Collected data
• • •
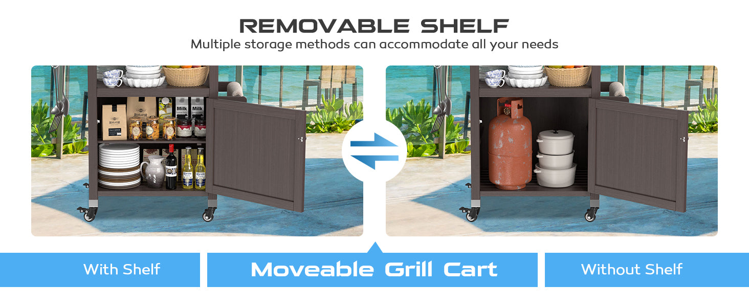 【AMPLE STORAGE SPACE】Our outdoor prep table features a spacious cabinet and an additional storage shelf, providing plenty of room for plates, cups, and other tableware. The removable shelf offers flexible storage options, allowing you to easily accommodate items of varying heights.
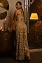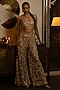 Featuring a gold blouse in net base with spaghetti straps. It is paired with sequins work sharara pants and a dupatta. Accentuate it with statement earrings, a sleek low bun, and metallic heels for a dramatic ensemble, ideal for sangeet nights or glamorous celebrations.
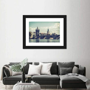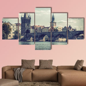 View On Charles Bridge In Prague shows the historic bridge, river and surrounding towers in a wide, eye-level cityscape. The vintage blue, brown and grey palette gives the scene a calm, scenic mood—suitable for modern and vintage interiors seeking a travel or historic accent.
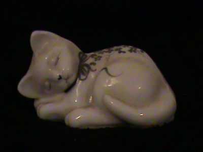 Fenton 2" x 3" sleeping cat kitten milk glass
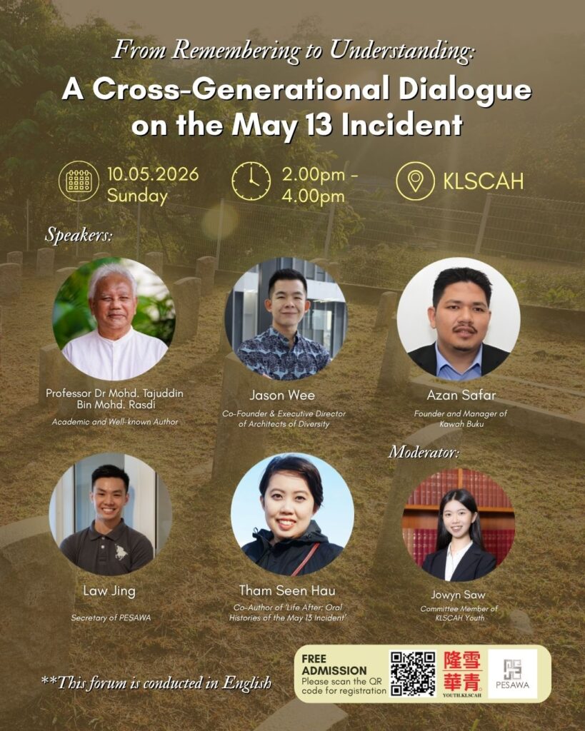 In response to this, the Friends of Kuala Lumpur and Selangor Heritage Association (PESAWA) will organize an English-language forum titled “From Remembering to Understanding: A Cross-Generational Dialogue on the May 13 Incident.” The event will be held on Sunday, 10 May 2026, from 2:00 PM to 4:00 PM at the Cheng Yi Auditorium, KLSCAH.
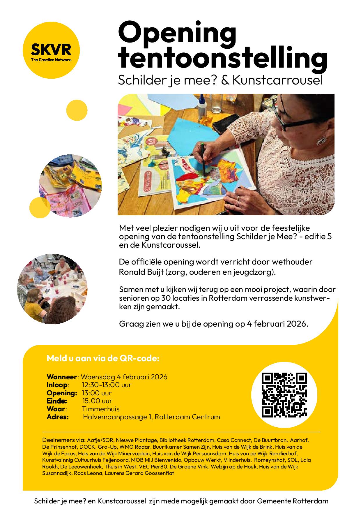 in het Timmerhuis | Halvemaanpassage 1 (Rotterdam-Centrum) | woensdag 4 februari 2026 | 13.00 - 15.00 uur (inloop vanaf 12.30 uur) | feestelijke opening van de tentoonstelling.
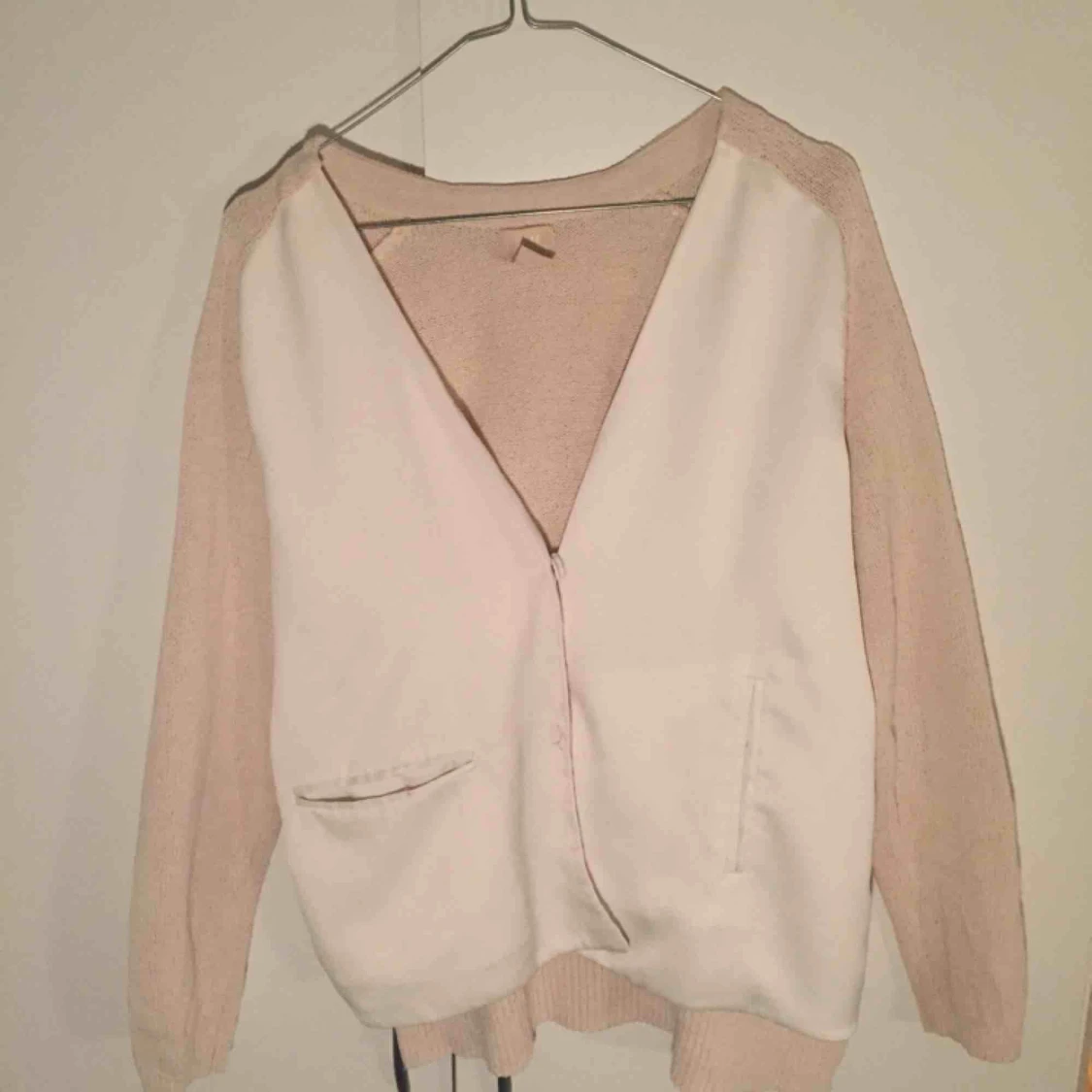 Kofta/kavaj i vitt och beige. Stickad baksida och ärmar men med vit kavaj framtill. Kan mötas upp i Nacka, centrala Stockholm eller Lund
• • •
▶ _TASK REQUIREMENTS_: Every entry above is to be transcribed exactly, with all pictures left out.

▶ _ANSWER SPACE_:
 【AMPLE STORAGE SPACE】Our outdoor prep table features a spacious cabinet and an additional storage shelf, providing plenty of room for plates, cups, and other tableware. The removable shelf offers flexible storage options, allowing you to easily accommodate items of varying heights.
 Featuring a gold blouse in net base with spaghetti straps. It is paired with sequins work sharara pants and a dupatta. Accentuate it with statement earrings, a sleek low bun, and metallic heels for a dramatic ensemble, ideal for sangeet nights or glamorous celebrations.
 View On Charles Bridge In Prague shows the historic bridge, river and surrounding towers in a wide, eye-level cityscape. The vintage blue, brown and grey palette gives the scene a calm, scenic mood—suitable for modern and vintage interiors seeking a travel or historic accent.
 Fenton 2" x 3" sleeping cat kitten milk glass
 In response to this, the Friends of Kuala Lumpur and Selangor Heritage Association (PESAWA) will organize an English-language forum titled “From Remembering to Understanding: A Cross-Generational Dialogue on the May 13 Incident.” The event will be held on Sunday, 10 May 2026, from 2:00 PM to 4:00 PM at the Cheng Yi Auditorium, KLSCAH.
 in het Timmerhuis | Halvemaanpassage 1 (Rotterdam-Centrum) | woensdag 4 februari 2026 | 13.00 - 15.00 uur (inloop vanaf 12.30 uur) | feestelijke opening van de tentoonstelling.
 Kofta/kavaj i vitt och beige. Stickad baksida och ärmar men med vit kavaj framtill. Kan mötas upp i Nacka, centrala Stockholm eller Lund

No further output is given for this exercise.